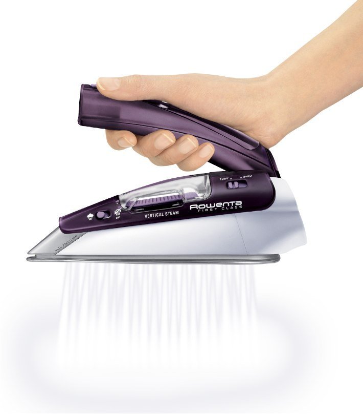 Żelazko parowe turystyczne Rowenta First Class będzie idealnym wyposażeniem podczas każdej podróży. funkcja wytwarzania pary unikalna stopa Microsteam 200 z otworami do precyzyjnego prasowania
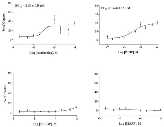 PTHP was the only anabaseine analog that approached anabaseine in potency and binding affinity. Its potency and affinity for both the frog and human neuromuscular receptors was slightly inferior to that of anabaseine, but its agonist activity on vertebrate nAChRs had not been reported (Please see Figure 3 and Figure 4). The other analogs displayed less than 1% of anabaseine’s potency and binding affinity. The small potency of 2,3′-bipyridyl can be interpreted as being entirely due to its monocationic form, since the pKa of the most basic nitrogen on the 2′pyridyl ring is 4.4 [34].
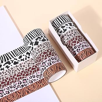 6 Rolls Washis Tape Decorative Tape Animal Print Crafting Tape Craft Supplies for Journals Scrapbooking Wrapping

-=-=-=-=-

Assigned task:
The data above must be reproduced exactly, without any of its pictures.

Answer for this exercise:
 Żelazko parowe turystyczne Rowenta First Class będzie idealnym wyposażeniem podczas każdej podróży. funkcja wytwarzania pary unikalna stopa Microsteam 200 z otworami do precyzyjnego prasowania
 PTHP was the only anabaseine analog that approached anabaseine in potency and binding affinity. Its potency and affinity for both the frog and human neuromuscular receptors was slightly inferior to that of anabaseine, but its agonist activity on vertebrate nAChRs had not been reported (Please see Figure 3 and Figure 4). The other analogs displayed less than 1% of anabaseine’s potency and binding affinity. The small potency of 2,3′-bipyridyl can be interpreted as being entirely due to its monocationic form, since the pKa of the most basic nitrogen on the 2′pyridyl ring is 4.4 [34].
 6 Rolls Washis Tape Decorative Tape Animal Print Crafting Tape Craft Supplies for Journals Scrapbooking Wrapping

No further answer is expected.